_Task directions_
Quote every line below exactly as it reads.

_Exercise data_
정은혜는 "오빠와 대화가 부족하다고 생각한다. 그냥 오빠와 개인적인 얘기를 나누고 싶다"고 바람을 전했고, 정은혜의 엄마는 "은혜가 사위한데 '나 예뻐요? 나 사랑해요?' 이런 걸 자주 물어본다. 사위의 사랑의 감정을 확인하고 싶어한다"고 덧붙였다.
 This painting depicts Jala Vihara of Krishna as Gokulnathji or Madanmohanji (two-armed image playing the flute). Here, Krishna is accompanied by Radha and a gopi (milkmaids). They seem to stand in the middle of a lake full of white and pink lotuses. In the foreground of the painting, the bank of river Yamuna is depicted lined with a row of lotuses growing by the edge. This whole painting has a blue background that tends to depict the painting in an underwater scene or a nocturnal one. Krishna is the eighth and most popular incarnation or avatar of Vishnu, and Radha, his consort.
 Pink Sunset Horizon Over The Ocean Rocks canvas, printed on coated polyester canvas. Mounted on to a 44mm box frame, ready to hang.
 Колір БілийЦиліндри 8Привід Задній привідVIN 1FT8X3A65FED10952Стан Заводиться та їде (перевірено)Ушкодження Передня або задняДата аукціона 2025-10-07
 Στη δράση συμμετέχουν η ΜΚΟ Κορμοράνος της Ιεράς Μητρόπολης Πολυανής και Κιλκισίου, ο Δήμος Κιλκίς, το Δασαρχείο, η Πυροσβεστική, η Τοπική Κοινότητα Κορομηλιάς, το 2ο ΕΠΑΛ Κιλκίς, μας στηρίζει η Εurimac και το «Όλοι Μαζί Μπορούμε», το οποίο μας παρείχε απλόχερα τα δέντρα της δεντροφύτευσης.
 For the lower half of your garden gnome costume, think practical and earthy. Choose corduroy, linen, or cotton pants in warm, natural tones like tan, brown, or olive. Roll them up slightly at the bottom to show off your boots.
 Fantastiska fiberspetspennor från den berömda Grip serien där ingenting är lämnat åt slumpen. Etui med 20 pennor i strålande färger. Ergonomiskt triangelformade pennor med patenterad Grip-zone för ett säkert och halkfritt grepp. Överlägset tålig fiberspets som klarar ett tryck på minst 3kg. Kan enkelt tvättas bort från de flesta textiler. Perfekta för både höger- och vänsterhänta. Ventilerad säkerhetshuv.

_Output of the task_
정은혜는 "오빠와 대화가 부족하다고 생각한다. 그냥 오빠와 개인적인 얘기를 나누고 싶다"고 바람을 전했고, 정은혜의 엄마는 "은혜가 사위한데 '나 예뻐요? 나 사랑해요?' 이런 걸 자주 물어본다. 사위의 사랑의 감정을 확인하고 싶어한다"고 덧붙였다.
 This painting depicts Jala Vihara of Krishna as Gokulnathji or Madanmohanji (two-armed image playing the flute). Here, Krishna is accompanied by Radha and a gopi (milkmaids). They seem to stand in the middle of a lake full of white and pink lotuses. In the foreground of the painting, the bank of river Yamuna is depicted lined with a row of lotuses growing by the edge. This whole painting has a blue background that tends to depict the painting in an underwater scene or a nocturnal one. Krishna is the eighth and most popular incarnation or avatar of Vishnu, and Radha, his consort.
 Pink Sunset Horizon Over The Ocean Rocks canvas, printed on coated polyester canvas. Mounted on to a 44mm box frame, ready to hang.
 Колір БілийЦиліндри 8Привід Задній привідVIN 1FT8X3A65FED10952Стан Заводиться та їде (перевірено)Ушкодження Передня або задняДата аукціона 2025-10-07
 Στη δράση συμμετέχουν η ΜΚΟ Κορμοράνος της Ιεράς Μητρόπολης Πολυανής και Κιλκισίου, ο Δήμος Κιλκίς, το Δασαρχείο, η Πυροσβεστική, η Τοπική Κοινότητα Κορομηλιάς, το 2ο ΕΠΑΛ Κιλκίς, μας στηρίζει η Εurimac και το «Όλοι Μαζί Μπορούμε», το οποίο μας παρείχε απλόχερα τα δέντρα της δεντροφύτευσης.
 For the lower half of your garden gnome costume, think practical and earthy. Choose corduroy, linen, or cotton pants in warm, natural tones like tan, brown, or olive. Roll them up slightly at the bottom to show off your boots.
 Fantastiska fiberspetspennor från den berömda Grip serien där ingenting är lämnat åt slumpen. Etui med 20 pennor i strålande färger. Ergonomiskt triangelformade pennor med patenterad Grip-zone för ett säkert och halkfritt grepp. Överlägset tålig fiberspets som klarar ett tryck på minst 3kg. Kan enkelt tvättas bort från de flesta textiler. Perfekta för både höger- och vänsterhänta. Ventilerad säkerhetshuv.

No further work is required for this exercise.